All the provisions in Part 4 seem to assume that the problem of residential fire safety is a lack of appropriate people and processes checking for fire risks in every possible instance. However, perhaps the real problem is the competence of the people who are already in place and the enforcement of rules and regulations that already exist, rather than making up lots more or creating new roles. As the leaseholder group notes, writing into law that every building will have to appoint a building safety manager is a duplication of the role of the existing managing agents and building managers, and proceeds from the false assumption that these housing blocks are “like barrels of oil needing almost daily surveillance and supervision to ensure that they don’t burst into flames at any moment.”
The truth is that fires are relatively rare, but they cannot be prevented altogether. The priority of this Bill should be to build in adequate safety systems and then maintain those properly so that residents can evacuate as quickly and easily as possible should fire occur. Instead, these clauses create an unnecessary duplicate role that will—guess what?—yet once more, financially cripple leaseholders.
The Government themselves estimate that the cost of a building safety manager will be £60,000 a year per block. For Lucy, in a block of 33 flats, this will add £1,818 to her annual service charge.

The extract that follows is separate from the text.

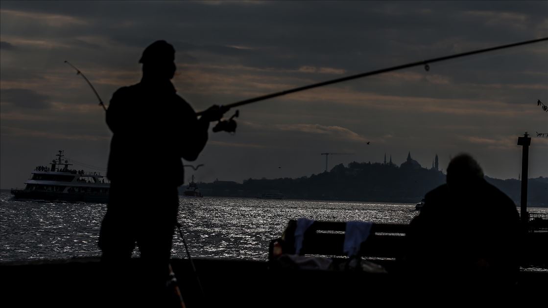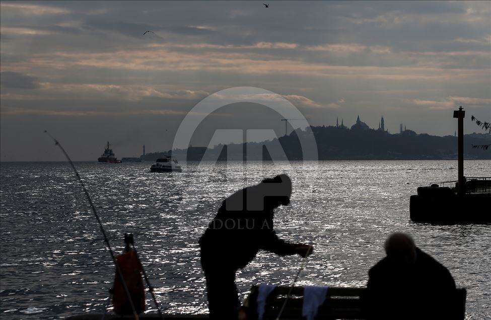 İstanbul'un gökyüzünü kaplayan bulutlardan süzülen güneş denize yansıdı. Beşiktaş sahilinde balık tutan olta balıkçılarının silüeti güzel görüntüler oluşturdu. ( Emrah Yorulmaz - Anadolu Ajansı )Emrah Yorulmaz
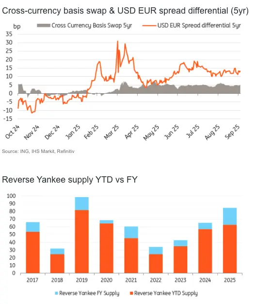 We forecast corporate Reverse Yankee supply to reach up to €85bn in 2025. This will be much higher than the 10-year average issuance volume of €60bn, as well as last year’s €65bn figure. Note that the current YTD Reverse Yankee supply amounts to €63bn. Opportunistic funding will be a large driver for the increase in supply. Additionally, redemptions for Reverse Yankee bonds will rise in 2025 up to €47bn, an increase from the €39bn that matured in 2024.

For Ruth, in a block of 19 flats, the building safety manager costs would add £3,157 a year to her service charges. It is not clear, either, whether that £60,000 estimate that was on the Government’s website has factored in employers’ national insurance and pension, plus the 20% VAT that an employing company would have to add to the charge. That would bring the cost to £85,000, in which case Lucy’s annual service charges would rise by £2,575 and Ruth’s by £4,473.
It is not clear exactly whether that £60,000 figure still stands, because the fact sheet explaining the building safety manager’s average pay of £60,000 a year was rather quietly removed from the Government’s own website after 5 pm last Wednesday. Luckily, the leaseholders have screenshots, which I have here if anybody would like to look at them. I am hoping that this is a positive sign that the Government are going to scrap the policy—delete the policy just like the web page—or at
least water it down by turning it into a function that can be met by existing managing agents and property managers, and not treating it as a separate job.
With the words of the Secretary of State, Michael Gove, ringing in our ears, he has warned that
“too many buildings are declared unsafe”,
and that many of the problems associated with the cladding scandal have been caused not by unsafe buildings but over-zealous inspectors and nefarious players
“seeking to profit from the current crisis”.
We should have those words in the back of our minds when we ask key questions.